● Work item:
Using the material below, tally each line with the string "that" and report only the total.

● Data:

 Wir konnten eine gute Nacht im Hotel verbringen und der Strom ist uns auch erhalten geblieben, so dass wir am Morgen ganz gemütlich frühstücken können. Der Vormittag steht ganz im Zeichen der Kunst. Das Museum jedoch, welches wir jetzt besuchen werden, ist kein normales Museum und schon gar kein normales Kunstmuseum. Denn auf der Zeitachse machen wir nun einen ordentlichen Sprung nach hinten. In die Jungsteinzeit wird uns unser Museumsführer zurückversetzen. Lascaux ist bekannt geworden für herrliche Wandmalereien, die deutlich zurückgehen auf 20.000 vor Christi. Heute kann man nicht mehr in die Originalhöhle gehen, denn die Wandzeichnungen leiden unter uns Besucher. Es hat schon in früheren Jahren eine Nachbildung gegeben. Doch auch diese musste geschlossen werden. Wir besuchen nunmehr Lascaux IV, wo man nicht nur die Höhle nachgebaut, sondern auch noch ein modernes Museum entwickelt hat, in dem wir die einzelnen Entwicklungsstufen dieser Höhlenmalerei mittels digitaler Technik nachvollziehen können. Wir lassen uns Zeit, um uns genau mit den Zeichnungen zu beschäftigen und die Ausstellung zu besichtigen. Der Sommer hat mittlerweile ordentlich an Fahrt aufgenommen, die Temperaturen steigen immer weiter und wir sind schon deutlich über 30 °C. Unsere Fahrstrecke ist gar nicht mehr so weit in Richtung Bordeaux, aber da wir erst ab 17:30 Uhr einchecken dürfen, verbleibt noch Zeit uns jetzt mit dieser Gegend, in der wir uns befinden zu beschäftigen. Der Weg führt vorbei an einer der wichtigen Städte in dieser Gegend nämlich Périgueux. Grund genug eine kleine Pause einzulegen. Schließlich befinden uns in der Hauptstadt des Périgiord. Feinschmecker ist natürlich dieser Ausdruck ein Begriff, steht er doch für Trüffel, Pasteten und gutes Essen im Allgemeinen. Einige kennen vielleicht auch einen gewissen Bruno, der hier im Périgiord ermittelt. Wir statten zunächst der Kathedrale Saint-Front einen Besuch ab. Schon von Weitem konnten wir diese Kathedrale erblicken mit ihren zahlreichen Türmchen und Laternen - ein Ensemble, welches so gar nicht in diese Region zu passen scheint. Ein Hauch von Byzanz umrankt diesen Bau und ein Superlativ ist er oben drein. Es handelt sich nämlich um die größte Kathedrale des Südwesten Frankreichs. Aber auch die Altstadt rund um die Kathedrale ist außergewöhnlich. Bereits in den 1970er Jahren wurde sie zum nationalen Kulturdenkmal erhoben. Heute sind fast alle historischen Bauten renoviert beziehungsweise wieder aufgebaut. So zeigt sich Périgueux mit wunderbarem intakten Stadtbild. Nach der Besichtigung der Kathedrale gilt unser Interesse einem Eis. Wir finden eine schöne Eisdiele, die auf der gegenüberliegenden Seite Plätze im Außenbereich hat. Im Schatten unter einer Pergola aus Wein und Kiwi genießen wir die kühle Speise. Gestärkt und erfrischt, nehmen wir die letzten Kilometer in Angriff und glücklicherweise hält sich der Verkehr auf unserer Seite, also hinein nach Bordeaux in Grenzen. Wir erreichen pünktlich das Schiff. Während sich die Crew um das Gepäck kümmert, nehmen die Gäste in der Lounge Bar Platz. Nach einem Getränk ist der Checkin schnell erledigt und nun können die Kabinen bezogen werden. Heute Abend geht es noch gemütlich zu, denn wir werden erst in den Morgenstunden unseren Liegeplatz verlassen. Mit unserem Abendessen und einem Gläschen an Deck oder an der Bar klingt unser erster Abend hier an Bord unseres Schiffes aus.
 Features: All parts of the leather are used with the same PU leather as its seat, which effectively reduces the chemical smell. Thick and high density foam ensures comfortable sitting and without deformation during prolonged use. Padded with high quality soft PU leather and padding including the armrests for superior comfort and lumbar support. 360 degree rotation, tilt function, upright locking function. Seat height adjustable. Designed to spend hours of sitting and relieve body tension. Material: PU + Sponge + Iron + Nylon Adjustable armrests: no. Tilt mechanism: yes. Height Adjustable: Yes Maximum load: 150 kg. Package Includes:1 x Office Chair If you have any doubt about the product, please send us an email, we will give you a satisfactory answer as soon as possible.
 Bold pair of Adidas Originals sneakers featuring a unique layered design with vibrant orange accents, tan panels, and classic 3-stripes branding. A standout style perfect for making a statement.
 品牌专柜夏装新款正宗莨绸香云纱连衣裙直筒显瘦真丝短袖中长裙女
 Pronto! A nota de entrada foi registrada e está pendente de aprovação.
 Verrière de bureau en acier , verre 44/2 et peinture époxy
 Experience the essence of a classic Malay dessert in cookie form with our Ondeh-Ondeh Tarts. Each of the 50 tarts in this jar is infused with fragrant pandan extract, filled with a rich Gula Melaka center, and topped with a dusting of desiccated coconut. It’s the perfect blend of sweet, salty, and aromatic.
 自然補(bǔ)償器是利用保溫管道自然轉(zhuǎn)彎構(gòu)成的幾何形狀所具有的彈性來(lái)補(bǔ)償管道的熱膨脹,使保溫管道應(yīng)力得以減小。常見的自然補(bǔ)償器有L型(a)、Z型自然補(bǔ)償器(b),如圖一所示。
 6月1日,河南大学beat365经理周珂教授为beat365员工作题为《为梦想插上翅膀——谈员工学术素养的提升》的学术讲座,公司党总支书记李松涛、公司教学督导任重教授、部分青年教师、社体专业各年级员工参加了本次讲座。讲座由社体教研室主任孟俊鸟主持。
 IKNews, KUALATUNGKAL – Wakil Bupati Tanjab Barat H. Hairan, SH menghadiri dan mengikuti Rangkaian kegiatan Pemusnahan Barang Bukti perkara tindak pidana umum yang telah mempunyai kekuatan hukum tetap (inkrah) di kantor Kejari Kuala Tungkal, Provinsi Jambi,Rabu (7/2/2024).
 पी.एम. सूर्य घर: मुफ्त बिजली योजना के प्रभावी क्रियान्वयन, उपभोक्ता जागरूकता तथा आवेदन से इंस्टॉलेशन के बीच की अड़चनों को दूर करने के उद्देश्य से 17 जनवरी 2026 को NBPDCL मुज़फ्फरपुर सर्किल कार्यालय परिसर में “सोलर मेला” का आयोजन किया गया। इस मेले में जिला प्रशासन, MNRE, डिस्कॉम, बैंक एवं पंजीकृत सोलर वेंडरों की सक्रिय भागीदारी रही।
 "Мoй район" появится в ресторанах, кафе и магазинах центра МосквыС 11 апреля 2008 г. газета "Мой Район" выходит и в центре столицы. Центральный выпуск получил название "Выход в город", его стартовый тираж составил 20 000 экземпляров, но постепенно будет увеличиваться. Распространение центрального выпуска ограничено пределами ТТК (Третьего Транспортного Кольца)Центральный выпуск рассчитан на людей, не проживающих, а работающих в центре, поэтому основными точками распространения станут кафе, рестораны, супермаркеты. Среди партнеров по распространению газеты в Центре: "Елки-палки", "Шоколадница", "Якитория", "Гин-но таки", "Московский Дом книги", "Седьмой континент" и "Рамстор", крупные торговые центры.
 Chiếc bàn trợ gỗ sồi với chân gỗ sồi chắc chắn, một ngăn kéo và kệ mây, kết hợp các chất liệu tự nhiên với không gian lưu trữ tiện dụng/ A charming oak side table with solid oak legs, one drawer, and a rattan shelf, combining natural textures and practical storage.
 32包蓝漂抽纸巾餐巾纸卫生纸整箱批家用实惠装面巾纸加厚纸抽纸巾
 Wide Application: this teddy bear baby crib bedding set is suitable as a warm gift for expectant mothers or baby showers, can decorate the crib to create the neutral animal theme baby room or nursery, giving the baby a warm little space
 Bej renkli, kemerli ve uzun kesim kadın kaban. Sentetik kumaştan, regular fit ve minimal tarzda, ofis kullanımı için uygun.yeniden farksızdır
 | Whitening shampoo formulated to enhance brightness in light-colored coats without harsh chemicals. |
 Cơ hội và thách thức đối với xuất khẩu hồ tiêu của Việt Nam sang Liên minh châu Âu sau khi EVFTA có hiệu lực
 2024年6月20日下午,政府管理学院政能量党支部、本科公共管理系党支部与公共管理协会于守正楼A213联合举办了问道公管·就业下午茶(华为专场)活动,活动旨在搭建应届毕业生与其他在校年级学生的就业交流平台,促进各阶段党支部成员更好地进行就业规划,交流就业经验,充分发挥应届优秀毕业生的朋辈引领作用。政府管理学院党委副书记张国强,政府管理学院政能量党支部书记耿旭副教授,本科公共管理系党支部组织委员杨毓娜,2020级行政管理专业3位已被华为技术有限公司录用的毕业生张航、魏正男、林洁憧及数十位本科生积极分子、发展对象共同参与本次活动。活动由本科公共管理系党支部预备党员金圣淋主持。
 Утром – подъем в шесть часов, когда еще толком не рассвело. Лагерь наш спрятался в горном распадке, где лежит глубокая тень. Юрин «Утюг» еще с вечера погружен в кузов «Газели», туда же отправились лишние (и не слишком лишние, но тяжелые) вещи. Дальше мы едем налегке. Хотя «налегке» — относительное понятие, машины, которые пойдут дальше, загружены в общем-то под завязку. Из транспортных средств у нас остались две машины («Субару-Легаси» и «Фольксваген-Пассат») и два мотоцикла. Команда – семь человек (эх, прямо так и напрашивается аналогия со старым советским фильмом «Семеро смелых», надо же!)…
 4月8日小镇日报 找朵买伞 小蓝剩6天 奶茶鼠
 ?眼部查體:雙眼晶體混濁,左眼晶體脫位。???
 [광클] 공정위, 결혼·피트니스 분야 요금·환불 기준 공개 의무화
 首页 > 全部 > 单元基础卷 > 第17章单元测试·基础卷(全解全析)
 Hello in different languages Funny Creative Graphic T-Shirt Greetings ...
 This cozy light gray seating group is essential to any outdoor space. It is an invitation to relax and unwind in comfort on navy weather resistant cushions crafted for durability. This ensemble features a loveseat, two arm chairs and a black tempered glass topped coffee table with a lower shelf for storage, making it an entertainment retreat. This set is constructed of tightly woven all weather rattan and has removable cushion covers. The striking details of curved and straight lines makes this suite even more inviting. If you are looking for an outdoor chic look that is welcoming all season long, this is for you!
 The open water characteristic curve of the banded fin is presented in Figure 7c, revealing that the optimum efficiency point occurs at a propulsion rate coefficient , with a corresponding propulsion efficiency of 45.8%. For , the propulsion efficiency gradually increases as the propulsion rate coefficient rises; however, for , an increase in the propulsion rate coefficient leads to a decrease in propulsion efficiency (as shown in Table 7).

● Exercise response:
2